Please give all of the data again, character for character, and drop the pictures.

§ **Items from a dataset**:

*** Begin section ***

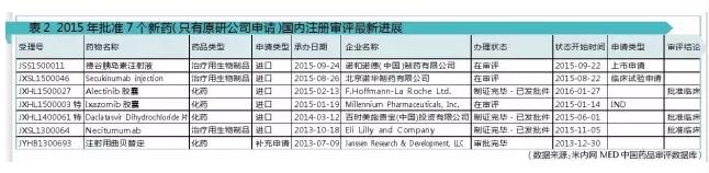 2015年FDA共批准了45个新药,包括33个新分子实体(NME)和12个生物制品许可申请(BLA)。据米内网MED中国
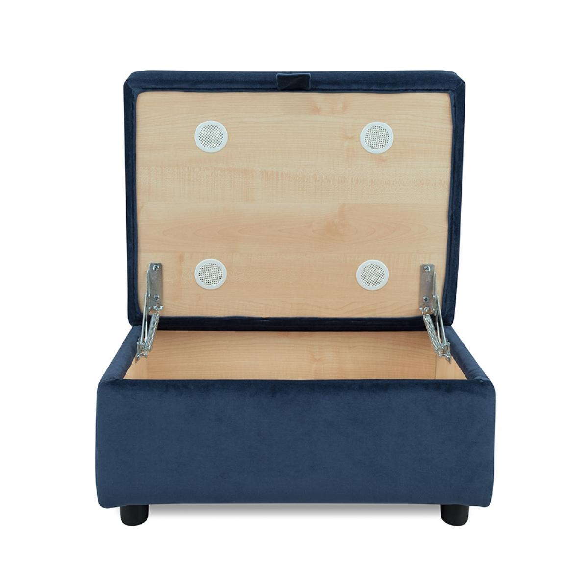 TheNimbus Storage Ottoman has a hidden compartment! Styled in your choice of upholstered fabrics, the cushioned foot rest opens up to reveal a spacious storage box. Organise remote controls, store books or even hide a stash of biccies - ready for your next sit down. The ventilated, hinged lid includes a handy tab for easy access to your living room essentials. Designed to be paired with the Nimbus sofa collection, it would just as easily fit in with your existing furniture. No sitting room is complete without a footstool!.
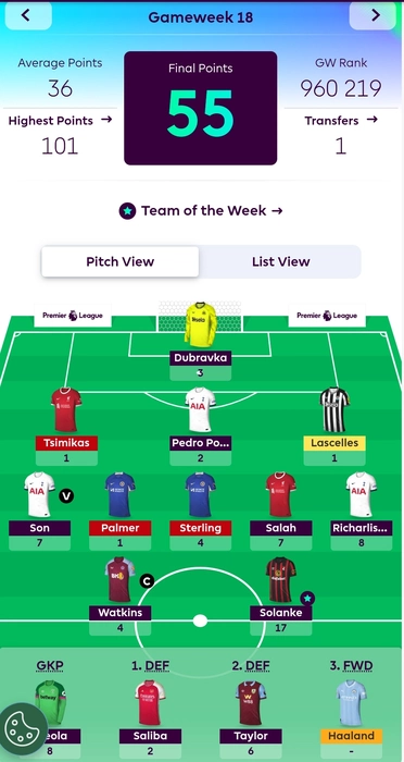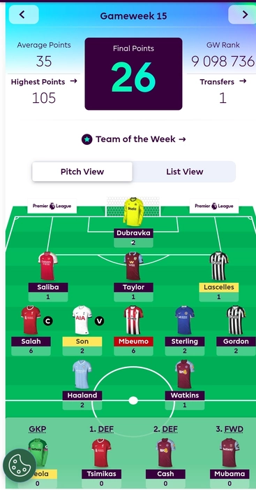 Пока чесал репу, Дубравка подорожал, на что совершенно не рассчитывал, думал ещё денёк продержится на 3.9, но скорее всего возьму и за 4.0, если не будет каких-то неожиданностей перед дедлайном. Несмотря на слухи о Рамсдейле и де Хеа, минимум до января он будет стоять, а то и до февраля. Похоже Уилсон выздоровел, и опять предстоит ротация с Исаком, соответственно держать слот для нападающего Ньюкасла нет смысла. Дальше в планах слив Кэша, а потом будем думать, что делать с бланком в 18 туре, пока так)
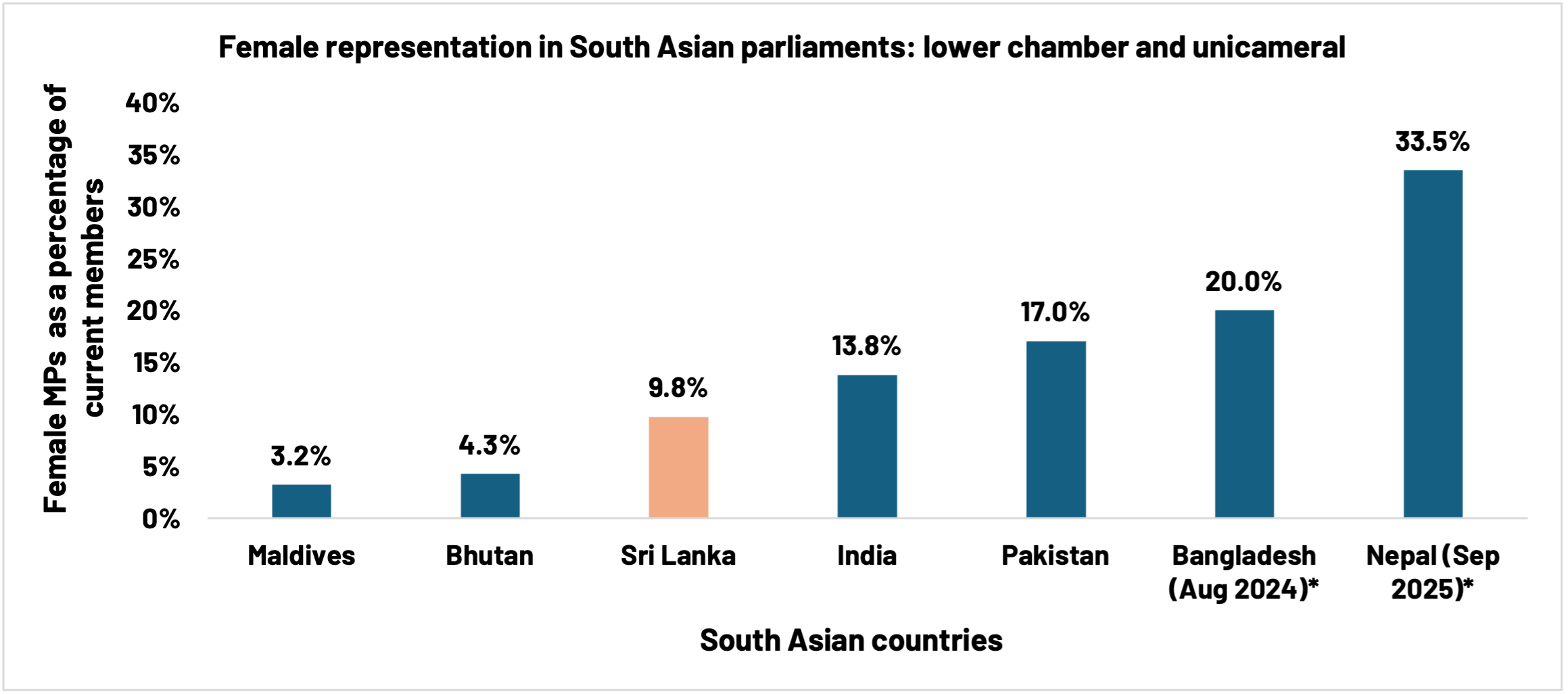 In sum, while Sri Lanka’s current parliament has achieved its highest-ever level of female representation, it continues to lag behind most South Asian countries.
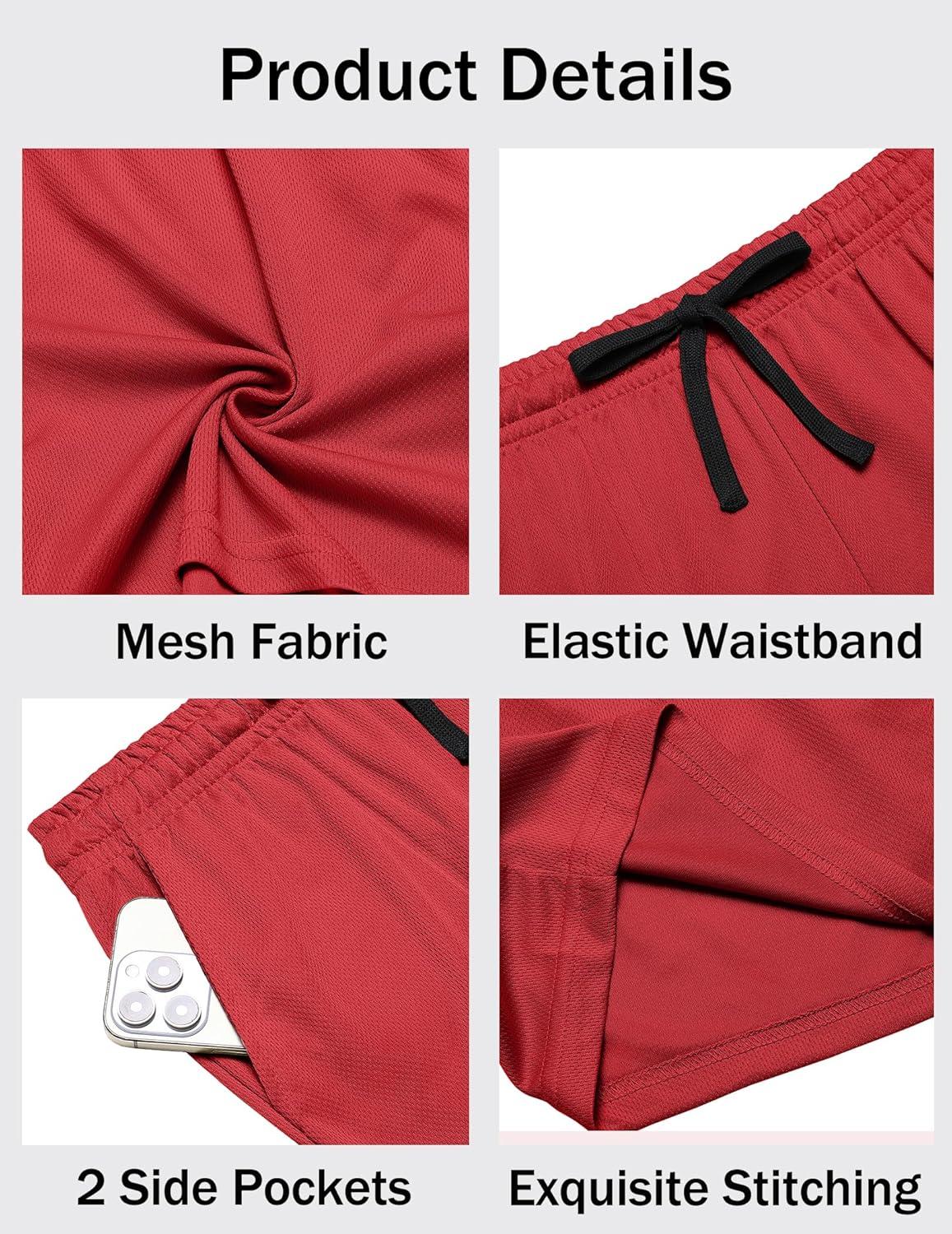 COOFANDY Men's Gym Shorts 3 Pack Mesh Athletic Workout Shorts Lightweight Quick Dry Drawstring Shorts with Pockets(Black/Grey/Red)

*** End section ***

§ **Task output**:
 2015年FDA共批准了45个新药,包括33个新分子实体(NME)和12个生物制品许可申请(BLA)。据米内网MED中国
 TheNimbus Storage Ottoman has a hidden compartment! Styled in your choice of upholstered fabrics, the cushioned foot rest opens up to reveal a spacious storage box. Organise remote controls, store books or even hide a stash of biccies - ready for your next sit down. The ventilated, hinged lid includes a handy tab for easy access to your living room essentials. Designed to be paired with the Nimbus sofa collection, it would just as easily fit in with your existing furniture. No sitting room is complete without a footstool!.
 Пока чесал репу, Дубравка подорожал, на что совершенно не рассчитывал, думал ещё денёк продержится на 3.9, но скорее всего возьму и за 4.0, если не будет каких-то неожиданностей перед дедлайном. Несмотря на слухи о Рамсдейле и де Хеа, минимум до января он будет стоять, а то и до февраля. Похоже Уилсон выздоровел, и опять предстоит ротация с Исаком, соответственно держать слот для нападающего Ньюкасла нет смысла. Дальше в планах слив Кэша, а потом будем думать, что делать с бланком в 18 туре, пока так)
 In sum, while Sri Lanka’s current parliament has achieved its highest-ever level of female representation, it continues to lag behind most South Asian countries.
 COOFANDY Men's Gym Shorts 3 Pack Mesh Athletic Workout Shorts Lightweight Quick Dry Drawstring Shorts with Pockets(Black/Grey/Red)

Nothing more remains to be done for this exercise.